The second case cited by defendant is State v. Parker,262 Mo. 169. No violence was used, nor was there any putting of the complaining witness in fear of some immediate injury to his person. The defendant there merely *97 put his hand in the pocket of the complaining witness and extracted his money, while the witness was engaged in conversation with another man. This court held that under these circumstances, the trial court should have sustained a demurrer to the evidence as to robbery, because of the absence of the two elements, violence and fear of immediate personal injury, and should have submitted the question of larceny to the jury.

The third case is that of State v.

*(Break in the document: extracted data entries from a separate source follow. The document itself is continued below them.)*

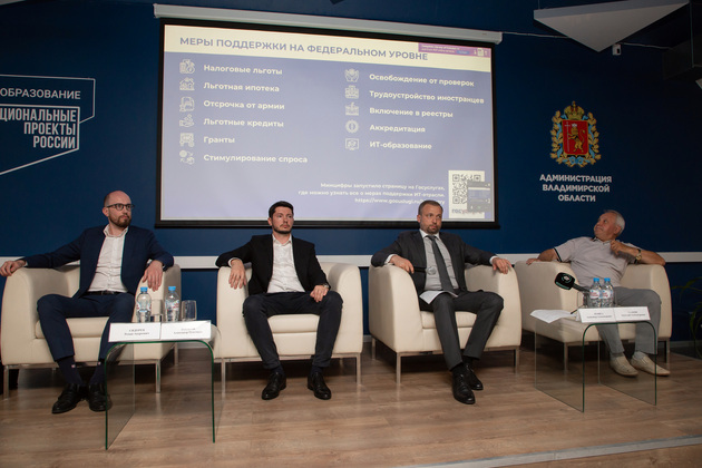 Какую поддержку может предложить область, рассказал директор департамента предпринимательства Сергей Сидорин. Во Владимирской области, по его словам, введены следующие меры: налоговые каникулы до 2024 года для впервые зарегистрировавшихся предпринимателей, пониженная налоговая ставка, займы до 5 млн рублей от МФО, вознаграждения за поручительство по кредитованию в банках до 0,5%, гранты до 500 тысяч рублей для молодых предпринимателей и другие. Полный список льгот можно узнать на сайте мойбизнес-33.рф.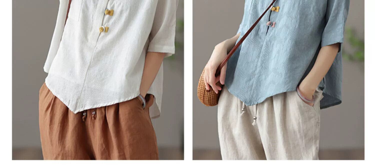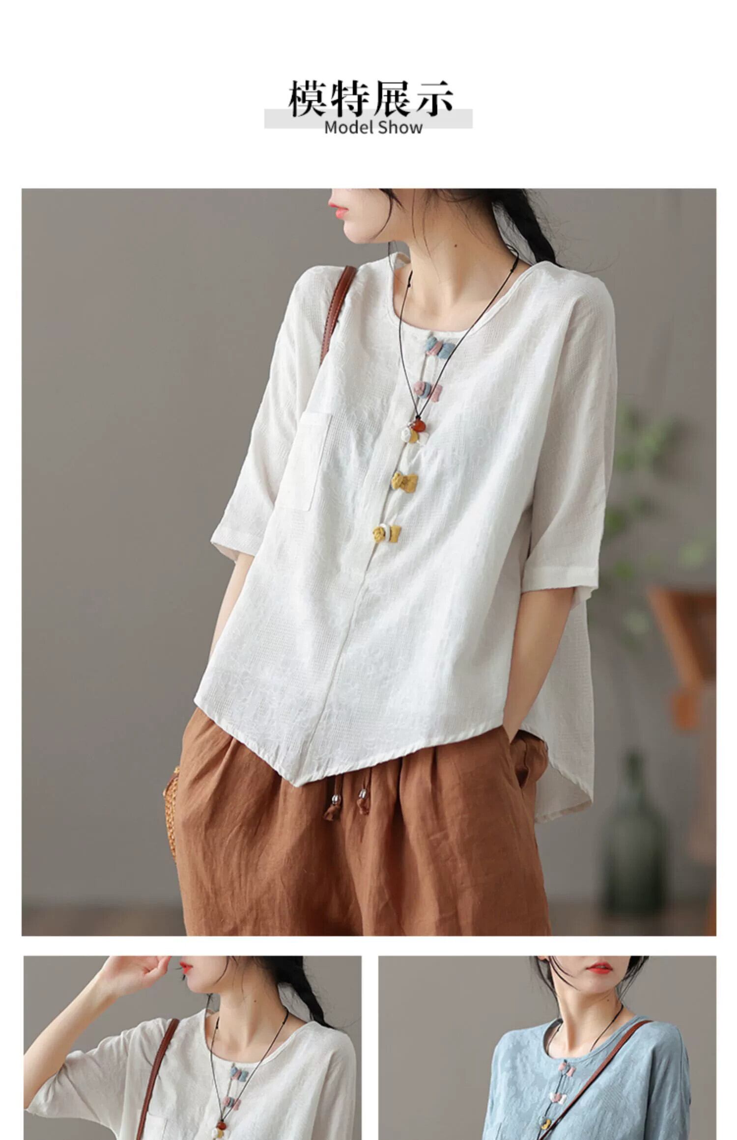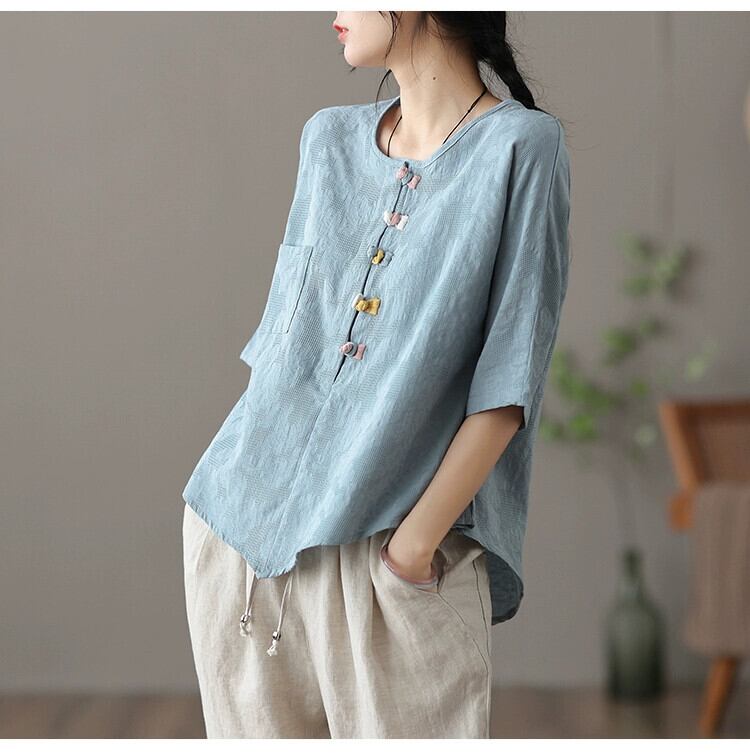 クリアランスリーク〜eseオリジナルの単一文学綿とリネンの半袖シャツの女性、ゆったりとしたレトロな中国のボタンアップリネントップ コットン sine44904260018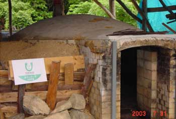 炭材の詰め込みを待つ炭窯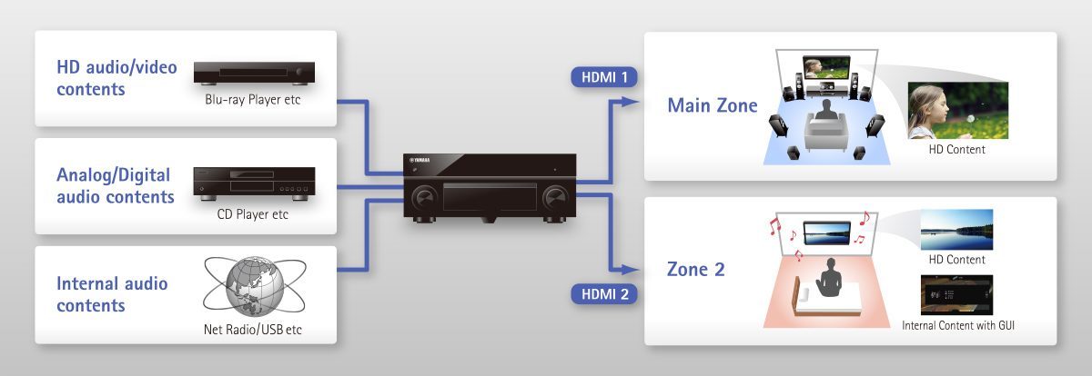 Как и другие модели в диапазоне, Yamaha RX-A1070 имеет второй выход HDMI. Однако, когда все идет лучше, нужно сделать это полностью независимым. Переключение зон позволяет вам смотреть и слушать один источник в комнате, а второй - в другой комнате. Вторая зона также может использовать выделенные предусилители или громкоговорители для полной независимости. Дальнейшие бонусы включают Zone Extra Bass и эквалайзер громкости зоны для индивидуального звучания во второй зоне.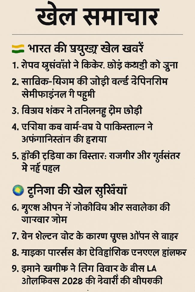 बिलकुल Ronak! यहाँ पर 10 ताज़ा और दिलचस्प खेल समाचारों के सारांश दिए गए हैं, जो विभिन्न खेलों से जुड...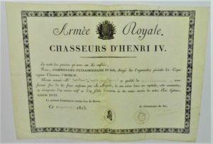 12 - ARMÉE ROYALE. CHASSEURS D'HENRI IV. Beau certificat gravé sur vélin (40 x 28,5 cm), décor de palmettes, médaillon en bas au centre représentant Henri IV de profil, petite vignette en tête. Nomination donnée le 22 juin 1815 (4 jours après Waterloo) signée de sa main par Jérôme Delandine de SAINT-ESPRIT (1787-1855), en faveur de Jean-Baptiste-Jordan Dugas, au grade de Sous-Lieutenant, "nous faisons fort de lui faire confirmer par Sa Majesté, à son retour dans sa Capitale, cette nomination, en récompense d'un service actif et d'un fidèle dévouement à la cause sacrée de notre Roi légitime Louis XVIII". Jérôme Delandine de Saint-Esprit fut à l'initiative durant les Cent-Jours, de recruter des volontaires, appelés "Chasseurs d'Henri IV", pour combattre "L’Usurpateur" (Napoléon 1er )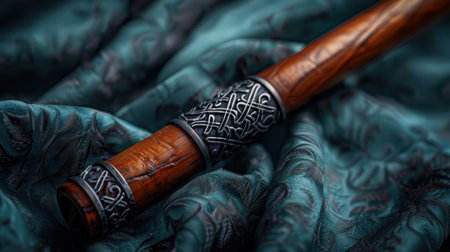 This close-up image showcases an ornate sword with a beautifully designed handle, set against rich blue fabric. Perfect for themes of craftsmanship and history.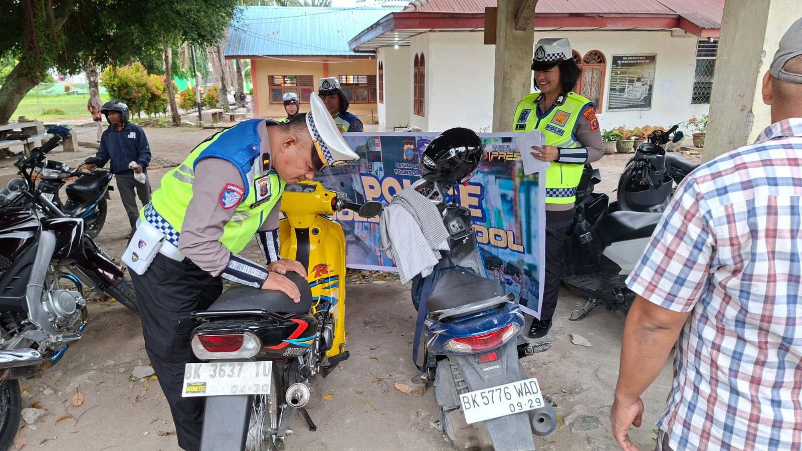 Kegiatan dimulai pukul 06.45 WIB dan dipimpin oleh Kanit Kamsel Sat Lantas Polres Simalungun IPDA Win Okto Silitonga, S.H., bersama sejumlah personel Satlantas lainnya. Dalam kesempatan tersebut, petugas memberikan edukasi keselamatan berkendara kepada para pelajar serta melakukan pengecekan kendaraan bermotor yang digunakan siswa.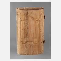 Mitte 18. Jh., Nadelholz massiv, leicht gebauchte Front mit geschnitzter Füllung, abgelaugt, mit Scharnier und einem Riegel, rest.bed., Maße 93 x 55 cm.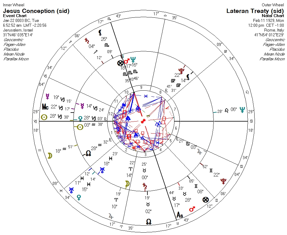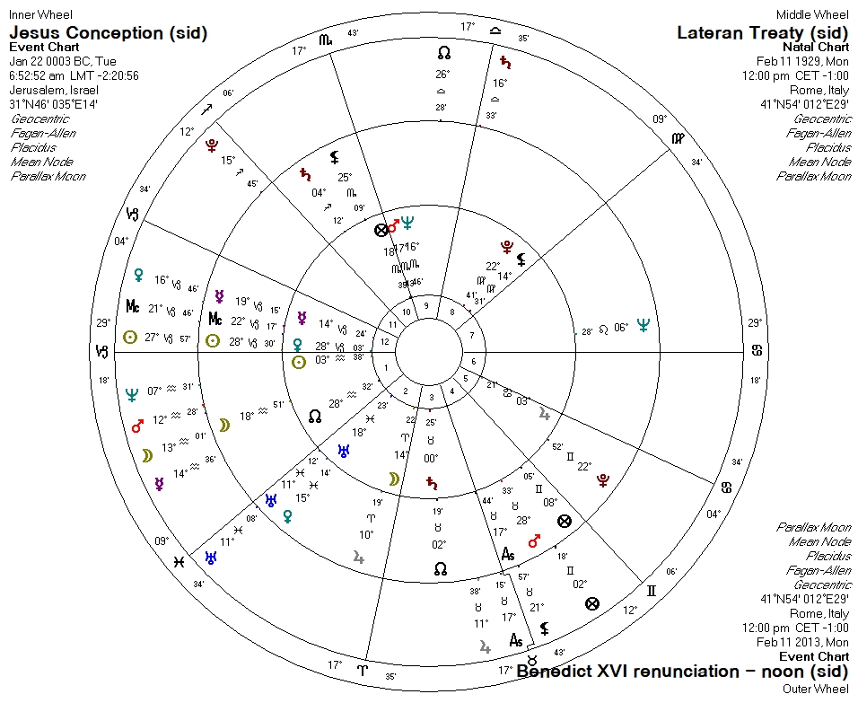 The connection between the renunciation of Benedict XVI, the Lateran Treaty, and the Jesus Conception charts are obvious. At the ascendant on the left, we find Conception Venus at 28°03′ Capricorn, Lateran Sun at 28°30′ Capricorn, and Benedict XVI renunciation Sun at 27°57′ Capricorn: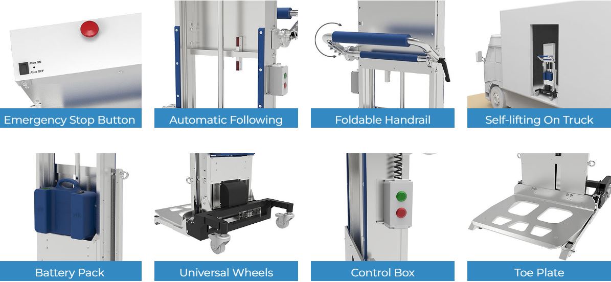 XSTO LFT260 semi-electric forklift is an efficient mini lifting equipment with 1 meter lifting height that can lift goods up to 260 kg and lift onto a platform or truck. Equipped with a function, it can automatically adjust the height according to the position of the load, which reduces the number of bends during the handling process. Widely used in logistics, material handling, food and beverage handling, warehouse, factory, etc.

Weinhardt, 253 Mo. 629, in which this court held that, inasmuch as the defendant's evidence showed petit larceny, the court should have instructed on that branch of the case. In that case, however, the defense was that he was guilty of petit larceny, and not of highway robbery.

In the present case, the defendant and his companions approached the complaining witness with drawn revolvers. Both revolvers were drawn on him, and while his hands were raised in compliance with the demand of one of the companions of the defendant, his money and his watch were taken from him and he was ordered to "trot down the road." Strada then took the witness's automobile and Friedman and Carolla jumped into their car and all left the scene of the crime. Defendant's defense was an alibi. Under this evidence the crime was made out as highway robbery and upon that the court correctly instructed.

It is also argued that the instruction given to the jury should have said that the property was taken and carried away. An instruction did say that if the jury found that defendant made an assault upon Cecil Blaine and "took" one gold watch, etc., and if said property "so taken" was of any value whatever, they should find him guilty, etc. The instruction upon the theory of aiding and abetting contained the same provisions.

No case is cited in which it has been held that in an instruction for highway robbery, the court should require the jury to find that the property was carried away. No such case can be found; but in several cases it has been *98 held that the allegation contended for by defendant need not be in an indictment for highway robbery. If it need not be alleged, it need not be proved, and if it need not be proved that the property was carried away, then it is not necessary for the court to tell the jury that they must find that it was carried away. In the cases cited by defendant the court lays down the general provision that robbery is an aggravated larceny, but there is no decision that holds that an instruction in highway robbery should allege that the property was taken and carried away.

Numerous citations are made of the improper admission and exclusion of evidence, criticizing the court's manner of ruling and his comments during the trial, but in none of these does the record, under a reasonable construction, disclose that these matters were of such a nature as to prejudice the substantial rights of the defendant. While there is a conflict in the testimony of the witnesses, and some evidence which might have raised a doubt in the minds of the jury as to the presence of the defendant at the place of the crime, yet after hearing all of the evidence, seeing the witnesses, observing their demeanor upon the stand, and taking into consideration all the testimony offered by the State and the defense, the jury decided that the defendant was guilty; thus finding that there was substantial evidence upon which to base their verdict, and no error having been committed by the court in the trial, the judgment is affirmed. All concur.